A/N: Canon-Divergent after s10e18: The Book of the Damned, but somehow s10e20: Angel Heart still happened.
This is essentially what I wish had happened at the end of s10...
Dean comes to a complete stop in the middle of U.S. 64 at 2 a.m. while Taylor Swift plays low on the radio.
But I can't make 'em stay
He doesn't know what he's thinking, except, maybe, that he's not.
At least, that's what people say
He glances at Sam, where he's curled up against the passenger side window, snoring softly. Then back at Cas, stretched all the way across the back, doing much the same, both completely oblivious to his music choices.
That's what people say
And something tugs at him, tugs at him in a way it never has before.
The frigging Mark's gone.
They're all safe, sound, and human - so, more or less, in one piece.
And he feels this strange sense of serenity enveloping him, and he wants - more like needs - to do something with it, to keep it.
For once, he's not chomping at the bit to find more work to be done - work, well, work can wait for a while.
"Sam? Cas? What do you fellas say? How about the beach?"
They both keep snoring, and Dean slaps the steering wheel in impulsive, but decisive, victory. Majority rules, even if everyone else is asleep.
"Awesome."
He sings low and offkey to the rest of "Shake It Off" as he makes a U-Turn, veering very determinedly south east.
XXX
The sun filters through the Impala's windows a few hours later, as he and Sam debate their ultimate destination over coffee, donuts, and - sacrilegiously - a banana.
At the sound of their ongoing chatter, Cas slowly blinks awake and winces against the morning light before drawing the hood from his jacket over his face.
It's so human, it hurts.
But Dean just chuckles before grabbing an apple cinnamon granola bar from the seat and chucking it at him. "Morning, sleepyhead. Got you breakfast."
Cas groans as it hits against his shoulder before dropping to the floor. He picks it up and glares at Dean in the rearview mirror before silently unwrapping it. He eats half of it before stopping mid-bite to stare pointedly at the palm trees dotting the interstate.
"We're not in Kansas."
"Nope. Good catch, Poirot," Dean agrees easily. Cas raises his eyes, and he elaborates, "Florida."
"There's a case here?" Cas asks as he leans over Sam's side of the bench, looking down at the display on his phone, which, Dean imagines, is still open to a search on the Sunshine State's less well known beaches.
"Nope. Just some good old R & R," Dean says. "Think we all earned some. You especially."
The last part sort of slips out without Dean's permission. He ducks his head and wishes that Sam wasn't there. He and Cas need to have thatconversation. They do. Really. But alone.
Thankfully, Sam senses that too. He turns to Cas. "The beach.

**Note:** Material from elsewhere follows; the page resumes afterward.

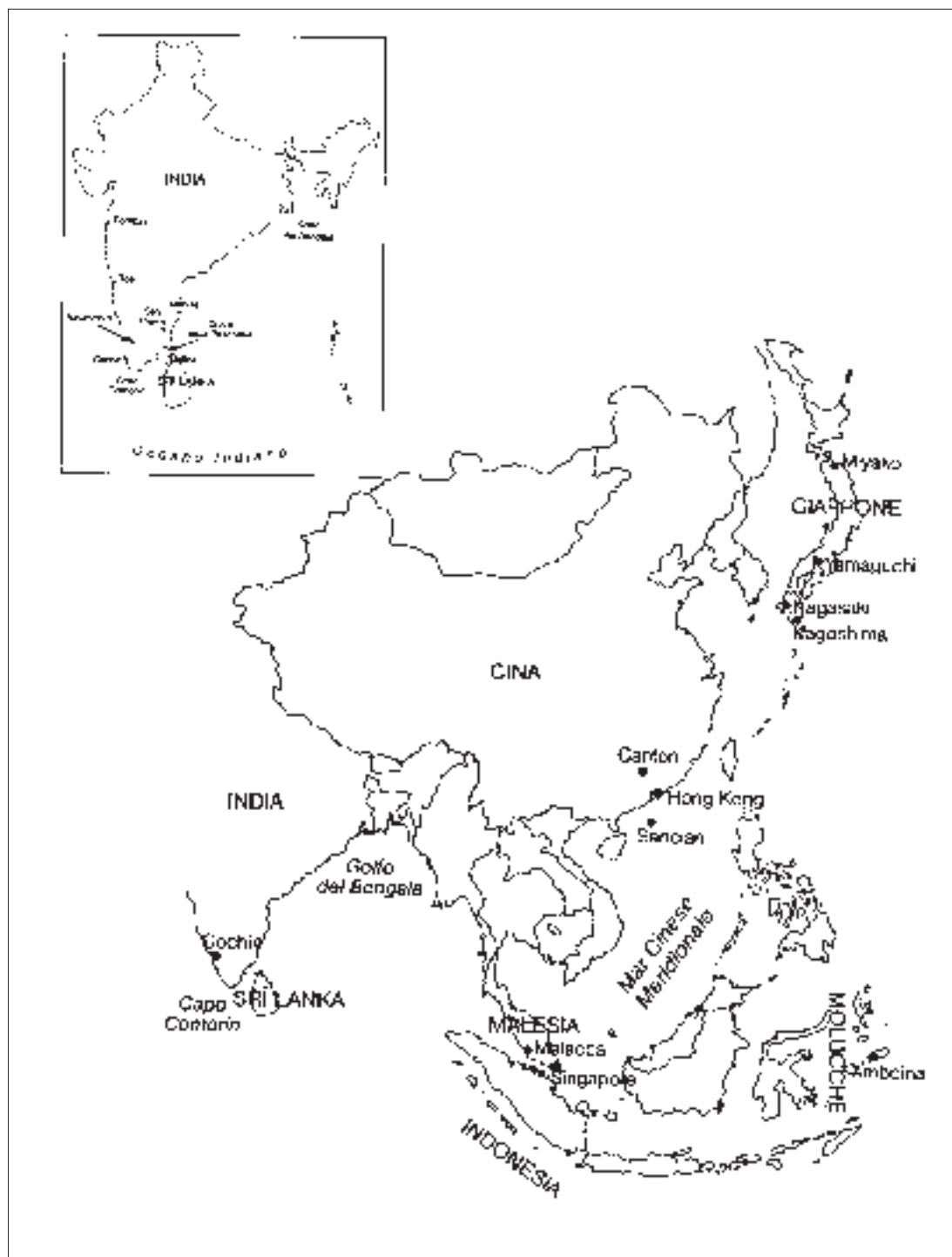
I viaggi di San Francesco Saverio

We're going to the beach for a vacation... you ever been on vacation?"
"I don't believe so," Cas says, squinting up at the road sign marking their current distance from Miami - 200 miles. "I have been to the beaches of Israel. I spent considerable time there, millennia ago, with my brothers, learning about... the workings... of the universe."
"That's not..." Sam starts, hesitates, and continues, "...that's not really the same, I don't think. But it's really cool. What were you doing, exactly?"
Then, because they're both giant nerds, Cas tells Sam, in ridiculously lengthy detail, about Biblical Israel and a frigging marlin for the next twenty minutes. And Dean thinks, if he doesn't interrupt them, he might get too invested, for his own good, in the fate of a goddamn fish. He slaps his hand against the steering wheel before leaning over the backseat.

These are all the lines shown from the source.